To the cold and relentless ambition of Frederick, to a prince whose heart had withered at thirty, an appeal like this had been made in vain.
Today’s installment concludes Prussia Invades Silesia,
our selection from Lectures on Modern History by William Smyth published in 1840. For works benefiting from the latest research see the “More information” section at the bottom of these pages.
If you have journeyed through all of the installments of this series, just one more to go and you will have completed a selection from the great works of three thousand words. Congratulations!
Previously in Prussia Invades Silesia.
Time: 1740
Place: Silesia
Maria Theresa, young and generous and high-spirited herself, had confidence in human virtue. She repaired to Hungary; she summoned the states of the Diet; she entered the hall, clad in deep mourning; habited herself in the Hungarian dress; placed the crown of St. Stephen on her head, the cimeter at her side; showed her subjects that she could herself cherish and venerate whatever was dear and venerable in their sight; separated not herself in her sympathies and opinions from those whose sympathies and opinions she was to awaken and direct, traversed the apartment with a slow and majestic step, ascended the tribune whence the sovereigns had been accustomed to harangue the states, committed to her chancellor the detail of her distressed situation, and then herself addressed them in the language which was familiar to them, the immortal language of Rome, which was not now for the first time to be employed against the enterprises of injustice and the wrongs of the oppressor.
To the cold and relentless ambition of Frederick, to a prince whose heart had withered at thirty, an appeal like this had been made in vain; but not so to the freeborn warriors, who saw no possessions to be coveted like the conscious enjoyment of honorable and generous feelings–no fame, no glory like the character of the protectors of the helpless and the avengers of the innocent. Youth, beauty, and distress obtained that triumph, which, for the honor of the one sex, it is to be hoped will never be denied to the merits and afflictions of the other. A thousand swords leaped from their scabbards and attested the unbought generosity and courage of untutored nature. “_Moriamur pro rege nostro_, Maria Theresa!” was the voice that resounded through the hall (“We will die for our sovereign, Maria Theresa!”). The Queen, who had hitherto preserved a calm and dignified deportment, burst into tears—I tell but the facts of history. Tears started to the eyes of Maria Theresa, when standing before her heroic defenders–those tears which no misfortunes, no suffering, would have drawn from her in the presence of her enemies and oppressors. “Moriamur pro rege nostro, Maria Theresa!” was again and again heard. The voice, the shout, the acclamation that reëchoed around her, and enthusiasm and frenzy in her cause, were the necessary effect of this union of every dignified sensibility which the heart can acknowledge and the understanding honor.

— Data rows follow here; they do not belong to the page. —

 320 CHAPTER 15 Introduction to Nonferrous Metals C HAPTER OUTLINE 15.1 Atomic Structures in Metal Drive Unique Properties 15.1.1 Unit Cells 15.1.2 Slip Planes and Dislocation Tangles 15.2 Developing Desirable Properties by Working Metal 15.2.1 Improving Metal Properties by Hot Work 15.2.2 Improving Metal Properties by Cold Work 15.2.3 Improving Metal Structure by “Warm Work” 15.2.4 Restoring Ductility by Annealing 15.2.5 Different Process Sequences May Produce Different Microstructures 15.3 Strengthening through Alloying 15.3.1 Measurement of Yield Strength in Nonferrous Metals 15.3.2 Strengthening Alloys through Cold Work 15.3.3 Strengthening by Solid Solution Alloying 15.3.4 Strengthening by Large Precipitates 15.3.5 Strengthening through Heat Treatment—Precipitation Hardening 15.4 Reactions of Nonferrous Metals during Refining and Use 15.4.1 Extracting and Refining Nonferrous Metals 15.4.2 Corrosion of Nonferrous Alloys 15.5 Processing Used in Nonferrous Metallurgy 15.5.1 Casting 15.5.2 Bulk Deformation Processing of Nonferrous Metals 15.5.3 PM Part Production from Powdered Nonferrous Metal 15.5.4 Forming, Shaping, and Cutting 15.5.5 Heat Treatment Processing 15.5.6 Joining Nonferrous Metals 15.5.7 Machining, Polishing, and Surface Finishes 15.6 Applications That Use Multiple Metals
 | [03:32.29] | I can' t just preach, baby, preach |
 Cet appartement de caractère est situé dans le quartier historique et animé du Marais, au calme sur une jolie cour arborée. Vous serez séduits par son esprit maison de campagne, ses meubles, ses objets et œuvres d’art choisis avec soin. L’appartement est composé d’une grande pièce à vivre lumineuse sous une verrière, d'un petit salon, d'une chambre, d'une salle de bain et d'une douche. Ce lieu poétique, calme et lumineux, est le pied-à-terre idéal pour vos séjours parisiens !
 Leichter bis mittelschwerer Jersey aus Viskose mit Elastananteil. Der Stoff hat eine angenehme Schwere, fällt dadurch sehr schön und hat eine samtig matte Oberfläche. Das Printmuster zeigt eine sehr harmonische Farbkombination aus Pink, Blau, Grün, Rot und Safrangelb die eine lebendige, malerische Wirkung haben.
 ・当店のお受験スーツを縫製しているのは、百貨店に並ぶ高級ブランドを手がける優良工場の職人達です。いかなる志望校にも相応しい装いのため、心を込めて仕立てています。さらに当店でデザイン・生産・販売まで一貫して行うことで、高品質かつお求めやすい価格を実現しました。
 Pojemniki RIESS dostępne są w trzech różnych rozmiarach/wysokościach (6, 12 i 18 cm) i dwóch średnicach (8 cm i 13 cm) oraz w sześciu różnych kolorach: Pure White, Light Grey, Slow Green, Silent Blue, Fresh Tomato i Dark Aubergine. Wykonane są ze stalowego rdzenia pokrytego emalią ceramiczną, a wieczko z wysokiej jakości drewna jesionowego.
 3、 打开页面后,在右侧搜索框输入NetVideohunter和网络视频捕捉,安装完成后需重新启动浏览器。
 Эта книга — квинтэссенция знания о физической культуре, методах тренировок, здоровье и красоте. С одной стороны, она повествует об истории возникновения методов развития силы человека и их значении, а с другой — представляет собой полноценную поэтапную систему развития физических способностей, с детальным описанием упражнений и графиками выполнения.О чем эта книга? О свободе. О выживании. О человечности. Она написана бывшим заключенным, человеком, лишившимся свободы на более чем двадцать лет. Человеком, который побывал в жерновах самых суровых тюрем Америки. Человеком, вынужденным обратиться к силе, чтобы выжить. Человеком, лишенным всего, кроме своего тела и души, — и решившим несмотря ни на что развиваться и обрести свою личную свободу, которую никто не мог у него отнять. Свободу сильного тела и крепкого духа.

It is not always that in history we can pursue the train of events, and find our moral feelings gratified as we proceed; but in general we may. Philip II overpowered not the Low Countries, nor Louis, Holland; and even on this occasion of the distress and danger of Maria Theresa we may find an important, though not a perfect and complete, triumph. The resolutions of the Hungarian Diet were supported by the nation; Croats, Pandours, Slavonians, flocked to the royal standard, and they struck terror into the disciplined armies of Germany and France. The genius of the great General Kevenhuller was called into action by the Queen; Vienna was put into a state of defense; divisions began to rise among the Queen’s enemies; a sacrifice was at last made to Frederick–he was bought off by the cession of Lower Silesia and Breslau; and the Queen and her generals, thus obtaining a respite from this able and enterprising robber, were enabled to direct, and successfully direct, their efforts against the remaining hosts of plunderers that had assailed her. France, that with perfidy and atrocity had summoned every surrounding power to the destruction of the house of Austria, in the moment of the helplessness and inexperience of the new sovereign—France was at least, if Frederick was not, defeated, disappointed, and disgraced.
The interest that belongs to a character like that of Maria Theresa, of strong feelings and great abilities, never leaves the narrative, of which she is the heroine. The student cannot expect that he should always approve the conduct or the sentiments that but too naturally flowed from qualities like these, when found in a princess like Maria Theresa–a princess placed in situations so fitted to betray her into violence and even rancor–a princess who had been a first-rate sovereign of Europe at four-and-twenty, and who had never been admitted to that moral discipline to which ordinary mortals, who act in the presence of their equals, are so happily subjected. That the loss of Silesia should never be forgotten–the King of Prussia never forgiven–that his total destruction would have been the highest gratification to her, cannot be objects of surprise. The mixed character of human nature seldom affords, when all its propensities are drawn out by circumstances, any proper theme for the entire and unqualified praises of a moralist; but everything is pardoned to Maria Theresa, when she is compared, as she must constantly be, with her great rival, Frederick. Errors and faults we can overlook when they are those of our common nature; intractability, impetuosity, lofty pride, superstition, even bigotry, an impatience of wrongs, furious and implacable–all these, the faults of Maria Theresa, may be forgiven, may at least be understood. But Frederick had no merits save courage and ability; these, great as they are, cannot reconcile us to a character with which we can have no sympathy–of which the beginning, the middle, and the end, the foundation and the essence, were entire, unceasing, inextinguishable, concentrated selfishness.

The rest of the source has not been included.